Only the lonely

Even the lucky among us have looked for love in the wrong places. I remember suffering through agonizing get-to-know-each-other lunches at which we both promised to call but never did. During one traumatic blind date in the way back, I immediately nicknamed the unfortunate woman The Brontosaurus. You certainly have your own horror stories; it’s the nature of the beast.

Of course, that was in the pre-online-dating era. Since then, a profile and JPEG have become almost mandatory, although those both can be doctored. But online dating has always seemed so full of technology and devoid of honest, spontaneous feelings, and it also seems desperate. Can’t people rely on their charm and social skills anymore? I guess not, because it is estimated that 3 million people are now trying to hook up online. Simply look at the people in the next cubicles to see who is doing it. Maybe they think they can screen out the potential dinosaurs, but they can’t. It’s all a crapshoot, online or off.

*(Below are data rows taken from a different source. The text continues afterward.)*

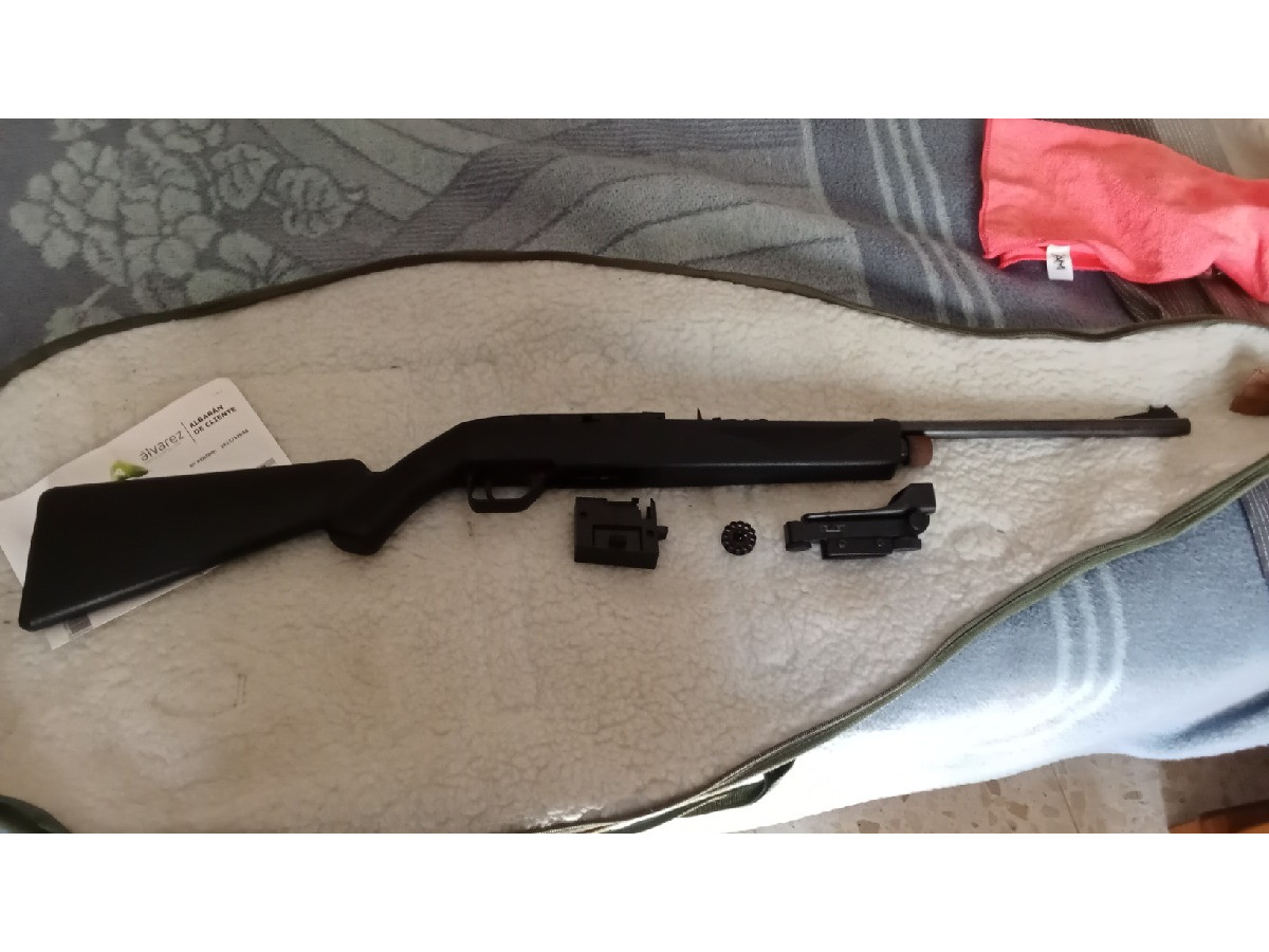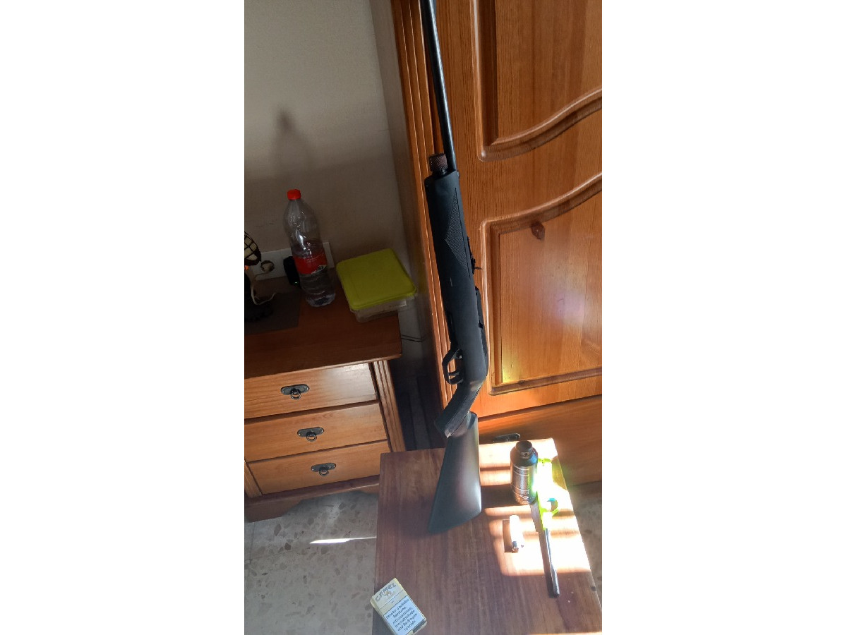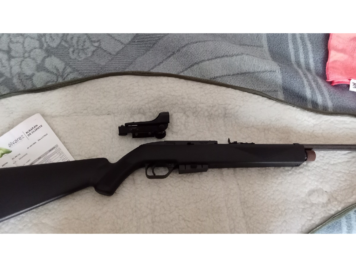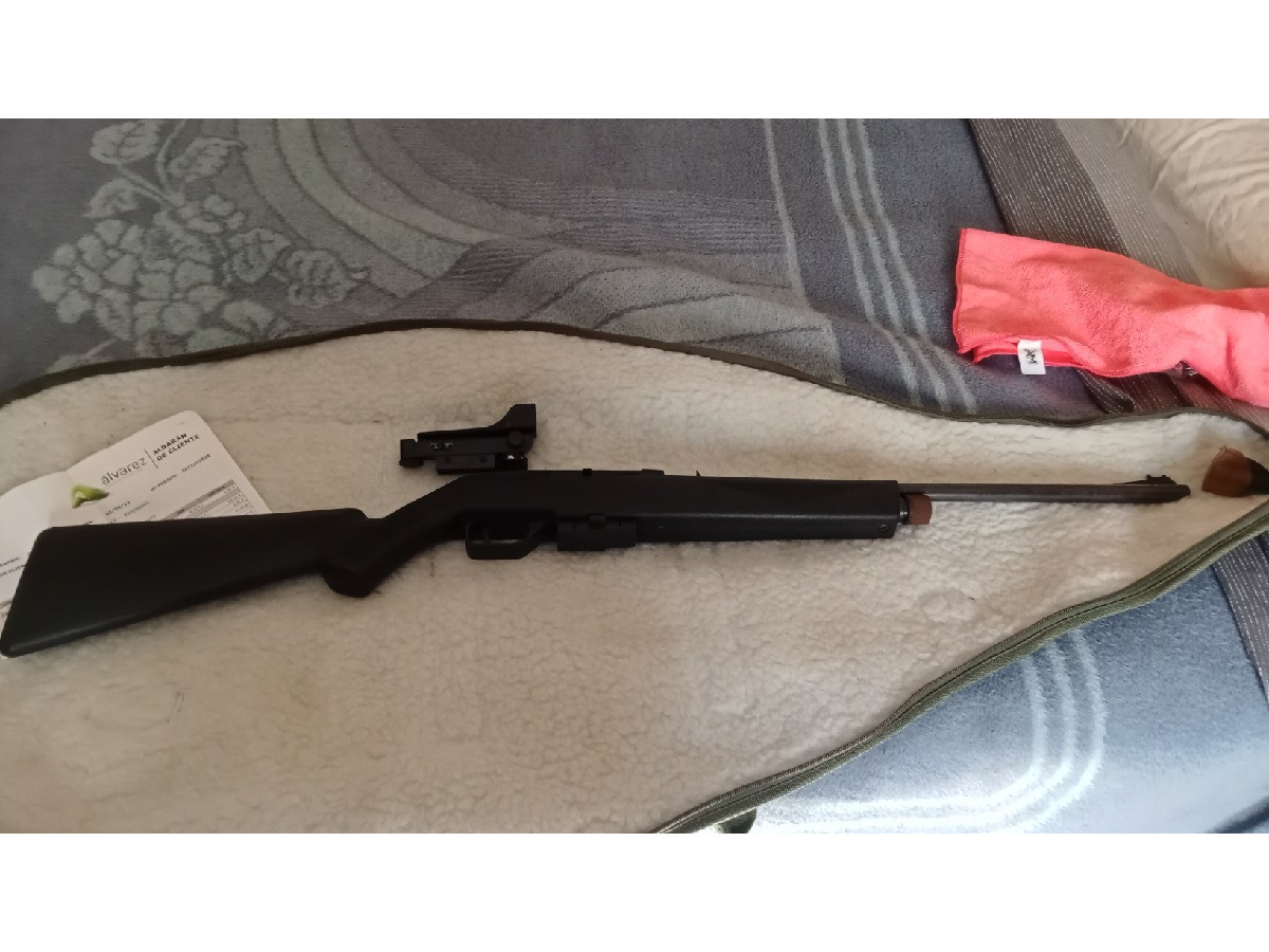 Carabina fabricada en USA, con botellas de CO2 y cargador rotativo de 12 disparos. Está casi sin usar, lleva guardada muchos años (tiene algunos micropuntos de oxidación poco visibles). También se incluye visor Red Point.
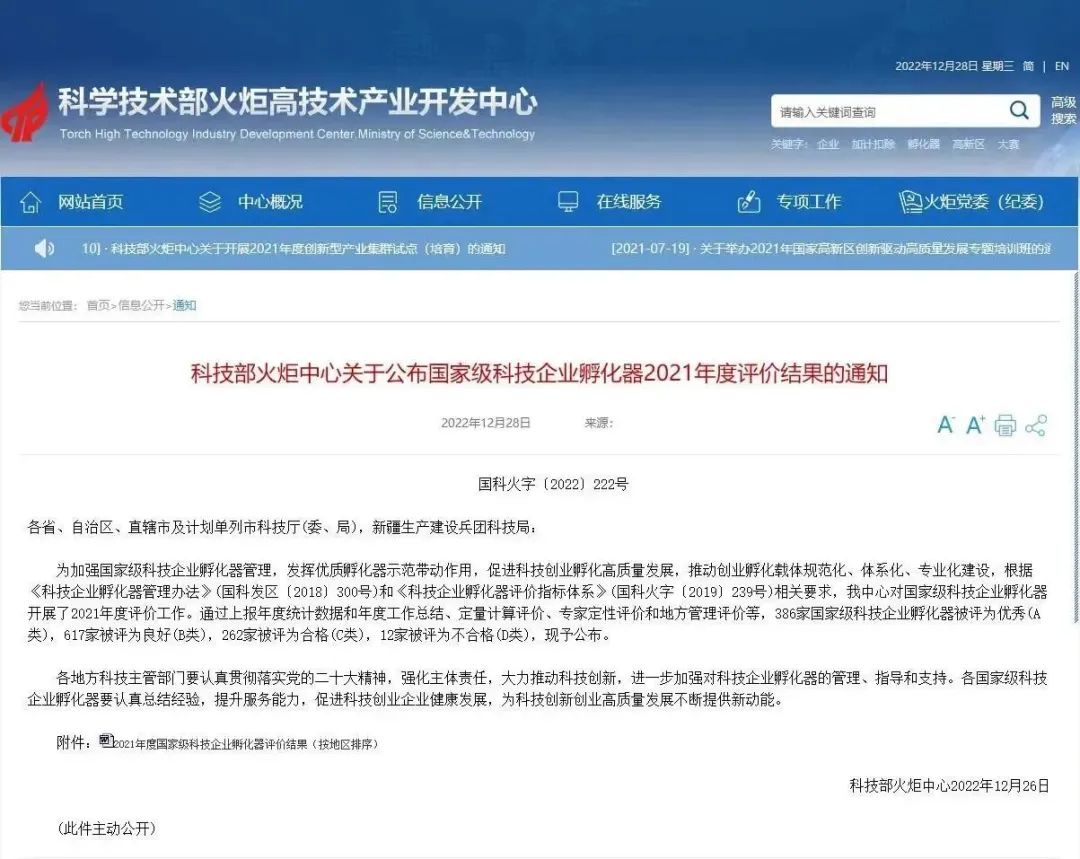 喜报!我市两家国家级孵化器考核优秀
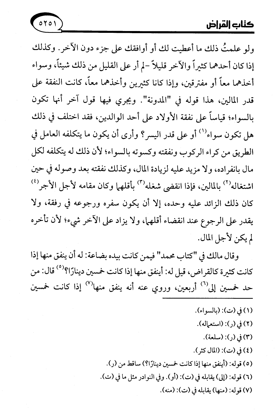 ولو علمتُ ذلك ما أعطيت لك أو أوافقك على جزء دون الآخر. وكذلك إذا كان أحدهما كثيرًا والآخر قليلًا- لم أر على القليل من ذلك شيئًا، وسواء أخذهما معًا أو مفترقين، وإذا كانا كثيرين وأخذهما معًا، كانت النفقة على قدر المالين، هذا قوله في "المدونة". ويجري فيها قول آخر أنها تكون بالسواء، قياسًا على نفقة الأولاد على أحد الوالدين، فقد اختلف في ذلك هل تكون سواء (¬1) أو على قدر اليسر؟ وأرى أن يكون ما يتكلفه العامل في الطريق من كراء الركوب ونفقته وكسوته بالسواء؛ لأن ذلك له يتكلفه لكل مال بانفراده، ولا مزيد عليه لزيادة المال، وكذلك نفقته بعد وصوله في حين اشتغاله (¬2) بالمالين، فإذا انقضى شغله (¬3) بأقلهما وكان مقامه لأجل الأجر (¬4) كان ذلك الزائد عليه وحده، إلا أن يكون سفره ورجوعه في رفقة، ولا يقدر على الرجوع عند انقضاء أقلهما، ولا يزاد على الآخر شيء؛ لأن تأخره لم يكن لأجل المال.
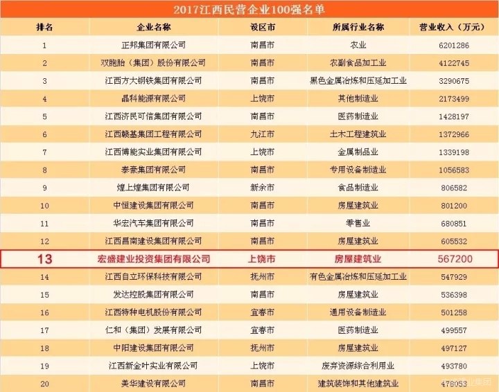 宏盛建業(yè)集團(tuán)榮膺“2017江西民營(yíng)企業(yè)100強(qiáng)”企業(yè)
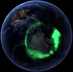 Uma aurora austral em 11 de setembro de 2005 vista do espaço por um satélite da NASA
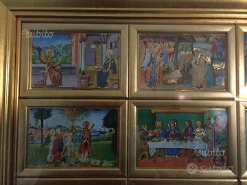 In un solo quadro, dodici antiche miniature, tratte dal Codice De Predis (1476) della Biblioteca Reale di Torino, formano in sintesi la Vita di Gesù per immagini. Le miniature sono decorate in oro zecchino e narrano le tappe fondamentali del Vangelo: l'Annunciazione, la Natività, la Visita dei Magi, il Battesimo, le Nozze di Cana, la Resurrezione di Lazzaro, l'Ultima Cena, l'Agonia di Gesù, la Via Crucis, la Crocifissione, la Resurrezione e l'Ascensione al Cielo di Cristo.
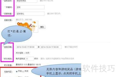 3、 设置杭州微巴微签到的名称与关键词,配置手机回复关键词后推送界面的标题内容,并设定签到成功后所获得的积分数量。
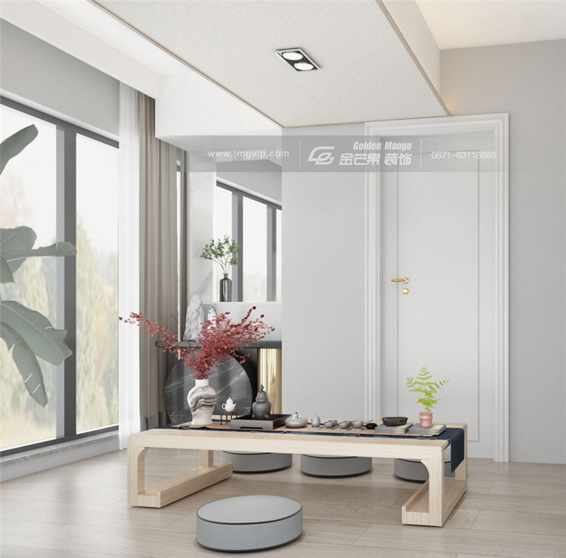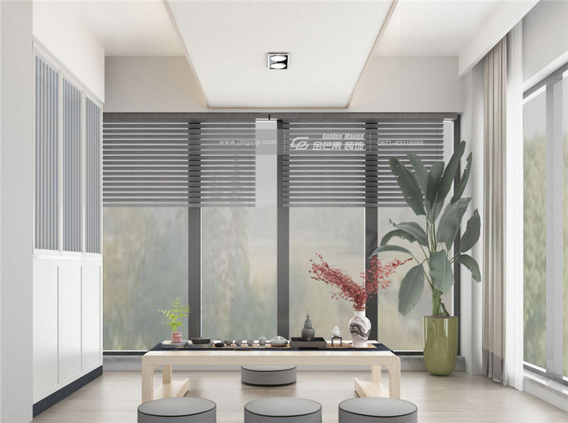 幽靜雅致,溫婉怡然,忙碌的都市生活亟待精神生活的拯救,茶室一角為家居預(yù)留了這一份詩意。采光良好的落地玻璃通透靈動,綠植和紅色花束,氣質(zhì)之余為空間營造隨意慵懶的氛圍。
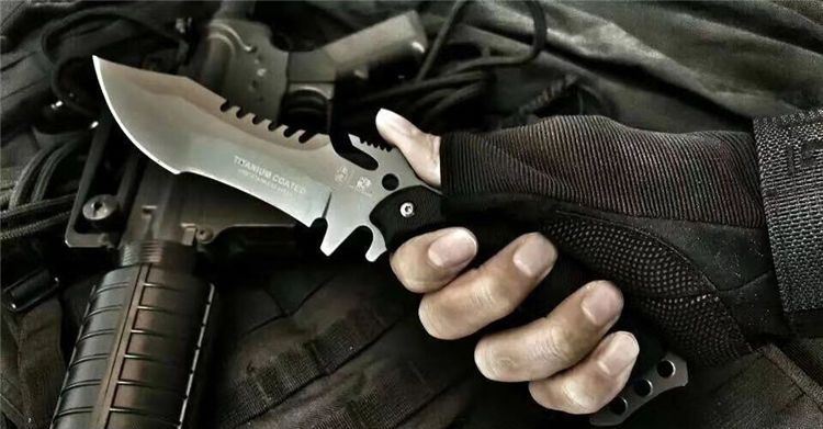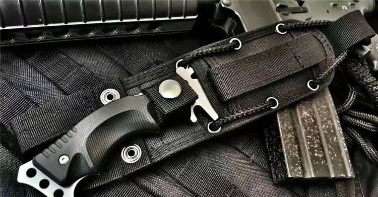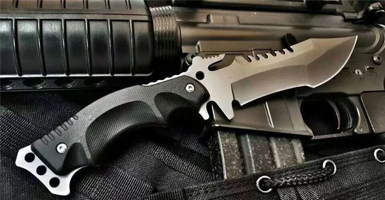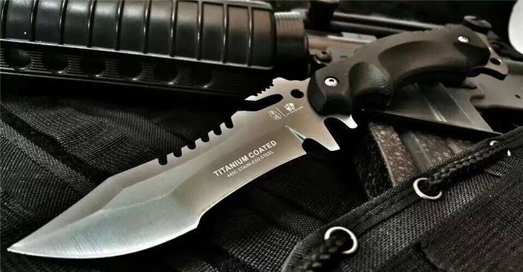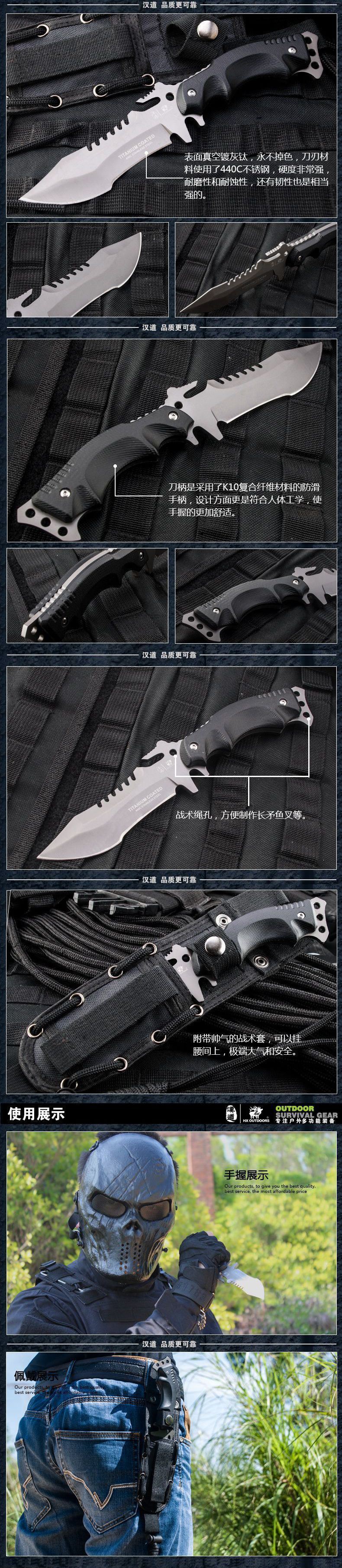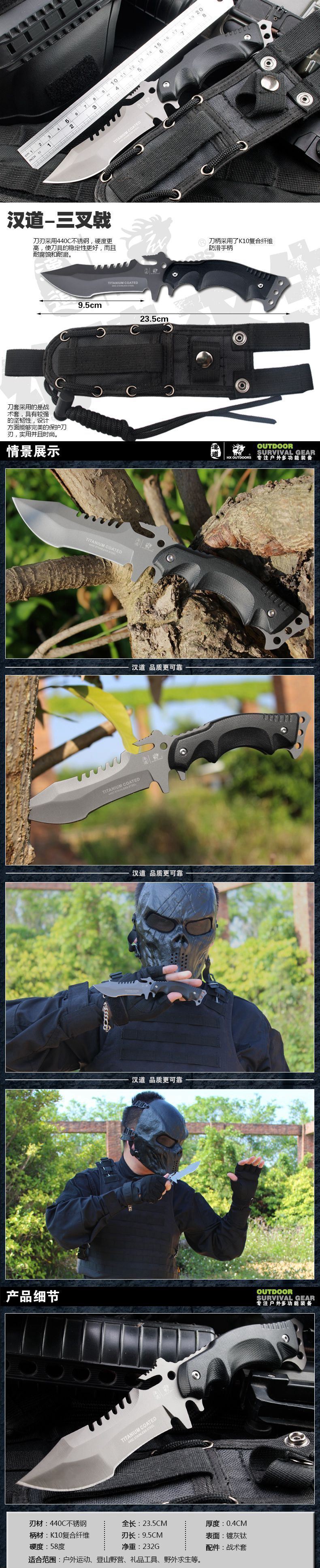 全 长:23.5CM 刃 长:9.5CM 刃 厚:0.4CM 表 面:镀灰钛 刃 材:440C不锈钢 手 柄:K10复合纤维防滑手柄 硬 度:58HRC 重 量:232g 配 件:战术套
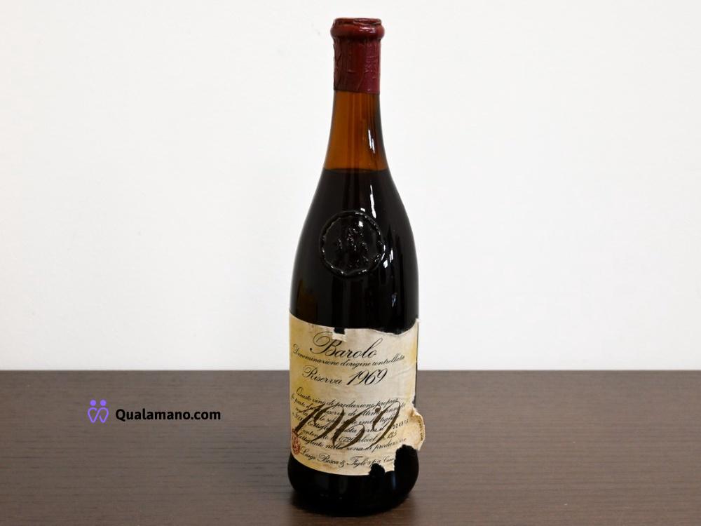 N. 1 Bottiglia storica di Barolo Riserva, vendemmia 1969, prodotta da Luigi Bosca & Figli. Vino a Denominazione di Origine Controllata, etichetta parzialmente deteriorata ma leggibile. Incisione in rilievo sulla bottiglia con stemma. 72cl, vol 13,5%
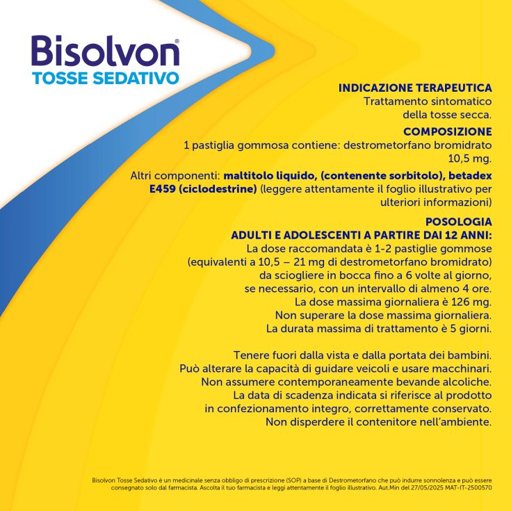 Non superare la dose massima di 8 pastiglie gommose al giorno (corrispondenti a 84 mg di destrometorfano bromidrato). - Per Bambini di età inferiore a 12 anni: Bisolvon tosse sedativo non deve essere usato. Se la tosse persiste per più di 5-7 giorni, consultare il proprio medico curante. Attenzione: non superare le dosi indicate senza il consiglio del medico.

The screening process is tougher when the potential love is on another continent, in a place like Russia. And yet, it seems some for-pay services would make it simple for the modern American man just by screening out the modern American women. We’re talking about the booming Russian-bride business featured in this week’s cover story. One company’s brochure sells the aspects it thinks many American men will respond to: “Russian women are affectionate, family-oriented and, unlike American women, comfortable with their femininity.” The brochure goes on to say its women are “pleasers, rather than competitors.” OK, family values and passivity! But, of course, this run at long-distance, mail-order love is complicated and, for some, tragic.